Deals on lightly used boards. I picked up a '16 Burton Process Off Axis this summer for $150, and a '12 Barracuda for $200, a couple years ago I picked up a '11 Rossignol The Experience for $125 (this has been my fave and my daily driver for the last 3 years). The most expensive board I've ever bought was a brand new '15 DWD The Rat for about $300. (and I'm probably gonna sell it- lesson affirmed)

I'm not the deal ninja the @timmytard is, but I do pretty good.


----------



## sabatoa (Jan 18, 2011)

That blows. 

I got wrecked on the hill a few years ago and got carted off the hill on the sled. My Never Summer got chewed up by the snowmobile on the way down, that's what NS thinks happened based on the damage, and they still repaired it for me. I recognize that they weren't obligated to do it, and YMMV, but I'll always remember that they took care of me when my board was damaged.


----------



## kriegs13 (Nov 28, 2016)

Deacon said:


> Deals on lightly used boards. I picked up a '16 Burton Process Off Axis this summer for $150, and a '12 Barracuda for $200, a couple years ago I picked up a '11 Rossignol The Experience for $125 (this has been my fave and my daily driver for the last 3 years). The most expensive board I've ever bought was a brand new '15 DWD The Rat for about $300. (and I'm probably gonna sell it- lesson affirmed)
> 
> I'm not the deal ninja the @timmytard is, but I do pretty good.




That's awesome. I bought a type 2 new this year and don't regret it whatsoever. But it would have been cool to check out potential used items on here. Oh well!! There's always he next board!


Sent from my iPhone using Tapatalk


----------



## trpa_ec (Jan 22, 2012)

sabatoa said:


> That blows.
> 
> I got wrecked on the hill a few years ago and got carted off the hill on the sled. My Never Summer got chewed up by the snowmobile on the way down, that's what NS thinks happened based on the damage, and they still repaired it for me. I recognize that they weren't obligated to do it, and YMMV, but I'll always remember that they took care of me when my board was damaged.


Never Summer has been great to deal with for me as well. I had impact damage on my NS Chairman which clearly wasn't covered by warranty. I was totally up front with them about it. NS charged me to fix it but it was such a minimal charge that they clearly weren't making any money whatsoever to fix it and they had my board back to me super fast as good as new and Vince sent me a NS t-shirt.


----------



## timmytard (Mar 19, 2009)

Deacon said:


> Deals on lightly used boards. I picked up a '16 Burton Process Off Axis this summer for $150, and a '12 Barracuda for $200, a couple years ago I picked up a '11 Rossignol The Experience for $125 (this has been my fave and my daily driver for the last 3 years). The most expensive board I've ever bought was a brand new '15 DWD The Rat for about $300. (and I'm probably gonna sell it- lesson affirmed)
> 
> 
> I'm not the deal ninja the @timmytard is, but I do pretty good.


Haha, you're catchin' on.
I bought a brand new Salomon FR 450? 166cm
Brand new from a store, about 20 years ago.
That was the last board I ever bought at a store.

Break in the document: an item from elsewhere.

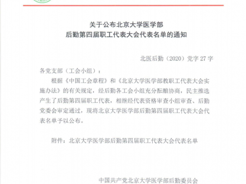 关于公布北京大学医学部后勤第四届职工代表大会代表名单的通知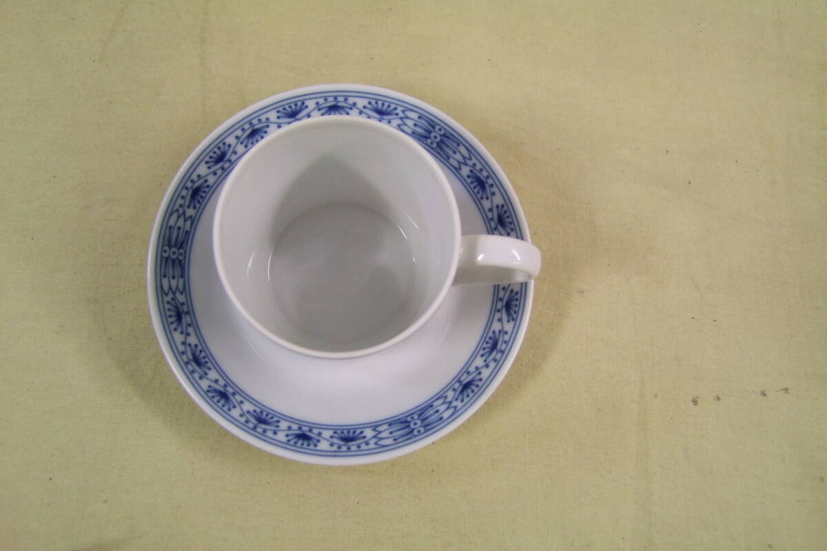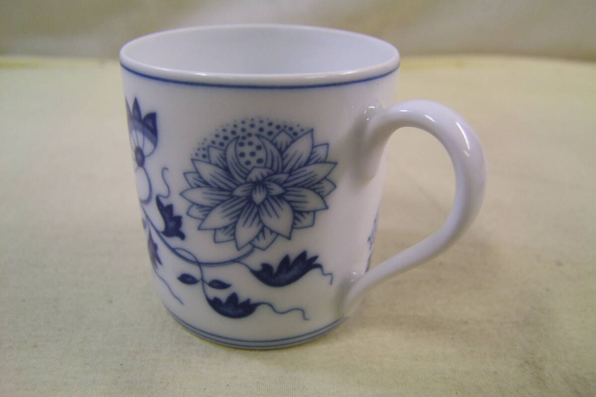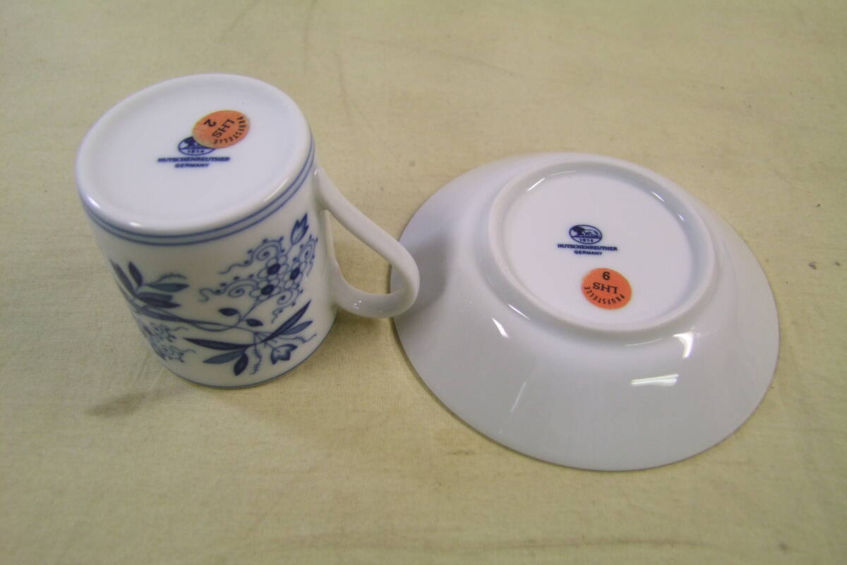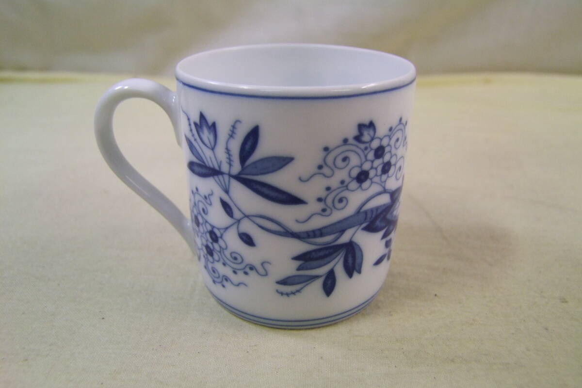 御覧の様なフッチェンロイター ブルーオニオン デミタスカップ&ソーサー 1客です。カップの口径5.1cm、高さ6cm、ソーサー径11.2cm程の品です。元の箱はありません。当方の品は一度人の手に渡った物ですので、完品をお求めの方は入札をご遠慮ください。ゆうパック元払で発送いたします。

Stores charge a lot more, than I like to pay.

Found that brand new NS Aura 152 brand new, buck $25.
Ended up with 4 brand new NS's for a total of 5 bills.
Found a still wrapped in plastic Echelon deck a few weeks ago for a hundy.

And 2 days ago picked up a brand new Burton Custom, sticker still on the base.
Also a hundy

Regular price sticker still on it $700 on the nose.
One hundred dorra.


I'm not just a deal Ninja.
I prefer to think of myself as


A deal Snow Ninja.
Mwa ha ha ha ha


TT


----------



## Alex307 (Jan 10, 2017)

timmytard said:


> Haha, you're catchin' on.
> I bought a brand new Salomon FR 450? 166cm
> Brand new from a store, about 20 years ago.
> That was the last board I ever bought at a store.
> ...




DEALHUNTER.
Being from Gold Coast Australia we don't exactly get snow.... So the market for used snowboards is there but its pretty small. Boards are usually hardly used and expensive or old and flogged. 

Anyway update on the board. The shop doesn't even want to fix as they think it will snap. I will probably fix it myself and just keep and shredding it haha. However, i talked to the LIB Tech rep today and he seem pretty understanding, might be able to get my hands on a demo board or a good deal on a brand new board. what im stoked about

How much mark up does everyone think the shops put on a board 100%?


----------